Jeremy Corbyn has been the leader of the Labour Party for little more than a week, but has already seen an incredible number of personal attacks from the press, politicians and even the members of his own party … no wonder no one wants to lead.

A Spaniard experienced something similar not too long ago and this experience should be used as a guide by Corbyn, his allies and, more than anyone else, the people of the UK.

The press, politicians, business executives, The City, in short the ruling class, attack whoever is deemed a threat to their power and influence, just ask Juan Carlos Monedero. The academic and former Secretary of Programmes and Constitutional Processes for Podemos, the political party that broke the two-party system in Spain, was the victim of one of the most vicious and unending attacks in recent memory.

Without even having an elected position at the local, regional or national level, Monedero’s professional and personal life was dissected like never before. The political science lecturer had his photograph on all the front pages of the national newspapers, sometimes on the same day, with scandalous headlines that were usually false or at the very least full of pure speculation.

In this sense Corbyn needs to be aware of the situation he is now in so that he can develop a good relationship with sympathetic journalists; without friends in the media Corbyn will not be able to breakdown the establishment’s propaganda.

During the Labour leadership campaign, Corbyn’s team demonstrated their skills with the press and especially with social media, sharing their message despite the hostility of the traditional outlets which was important; a movement with the support of the people on social media will be crucial to fight against the mainstream’s arguments.

In this situation, the one Corbyn finds himself in, silence is the worst idea; up against a torrent of abuse, the new leader of the opposition has to give his responses and present his opinions quickly and clearly in order to demonstrate his character and leadership to the people.

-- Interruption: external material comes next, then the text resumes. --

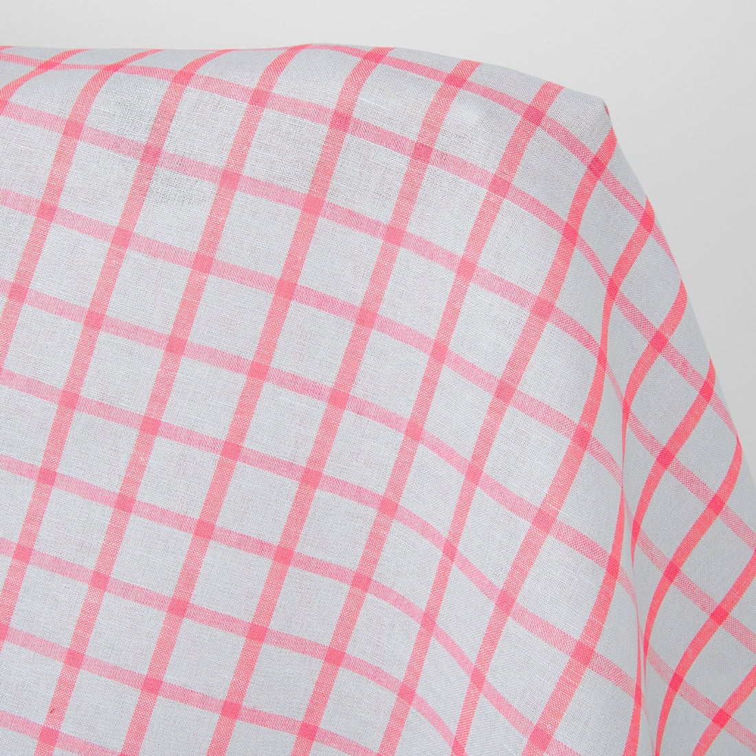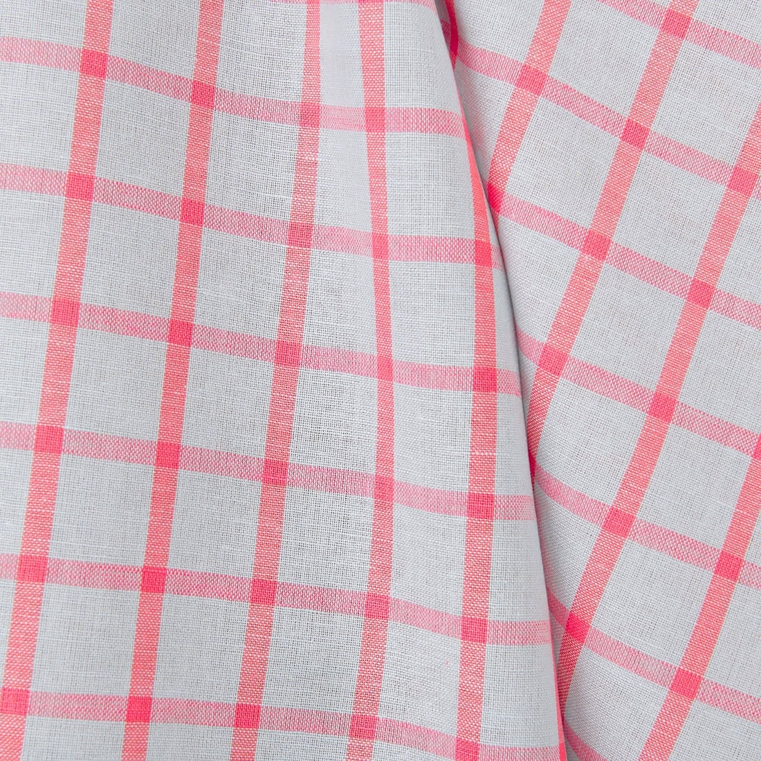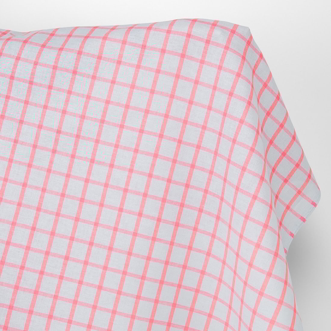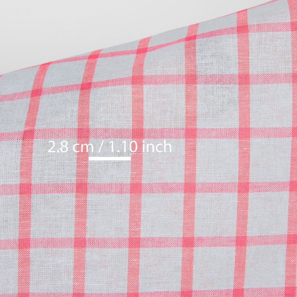množstvo Ľanovo-bavlnená tkanina svetlosivá s jasne červenými kárami

Despite his 33 years in parliament, Corbyn isn’t that well known outside of Whitehall and, for that reason, the press have more leeway to invent stories and alarm the public. Everyone in the UK knows something about David Cameron, his family and his privileged upbringing and, as a result of that, there is less room for lies and speculation; the press needs to make money and Corbyn sells more than Cameron.

Of course the media and the ruling elite don’t have many reasons to attack a conservative prime minister who does their kind of politics but Corbyn doesn’t have that good fortune. The MP of Islington North cannot afford to hideaway, especially now, with all the support and popularity he fostered following on from his victory, because more stories from his past are going to be revealed and the people’s opinions change very quickly.

With Juan Carlos Monedero, the Spanish press mixed the truth with lies and accusations into a lethal cocktail and in no time at all his reputation was in tatters. Everyone has a past and Monedero’s weakness was his previous work in Latin America and especially Venezuela, a country which doesn’t have a great reputation is Spain after more than fifteen years of the Chavez’s political doctrine.

Monedero earned a lot of money during his time Spain’s old colonies and the origin of his earnings and the way he was managing them was the subject of lots of rumours and headlines. After a lot of time, front pages and panel discussions, Monedero had to resign to get out of the spotlight and give a break to everyone else involved with Podemos; the media was insatiable and only stopped once Monedero stepped down from the front line.

The UK’s ruling class has the same objective; Corbyn scares them because with his alternative politics he has dismantled the idea that austerity is the only option and, most importantly, he has a lot support on the street after more than seven years of public service destruction, thanks to Tony Blair’s third way and the Conservatives.

Fortunately, Corbyn hasn’t worked for rival countries and has a reputation of being frugal, honest and brutally principled but as we have already seen, a story doesn’t have to be negative to be controversial or damaging to his reputation.

In the past Corbyn has talked to both Hamas and Hezbollah, and the press has written a lot about this already. After his election there have been stories about his former lovers, his decision not to sing the national anthem and the sexism behind his shadow cabinet.

Up till now the establishment’s reaction to Corbyn has been so excessive that people have not taken it too seriously but, with time, the press will improve and the attacks with be more intelligent and credible.

Corbyn has spoken of changing political and economic system and is going to suffer for it; there are a lot of powerful people in the UK and the rest of the world who are very happy with how things are going and they don’t want a self-professed socialist talking about a fairer and more democratic alternative, especially when now, except for the rich, everyone else is fed up of the current situation.

But as always there is hope because with the kind of support he’s been generating, Corbyn has something most politicians never have, a connection with the majority. Corbyn is not a great orator, but he always gives the impression that he’s being himself (other politicians spend untold amounts trying to create that sensation), and with his genuinely popular politics he has a formula for success.

Of course there are and there will be threats along the way but with good advisors and the momentum generated by the public, Corbyn will continue to change the rhetoric of British politics.

The case of Juan Carlos Monedero showed us that, even though he had to step aside, Podemos continued to surge ahead because, when people believe in something, there will always be someone to fill in the gap.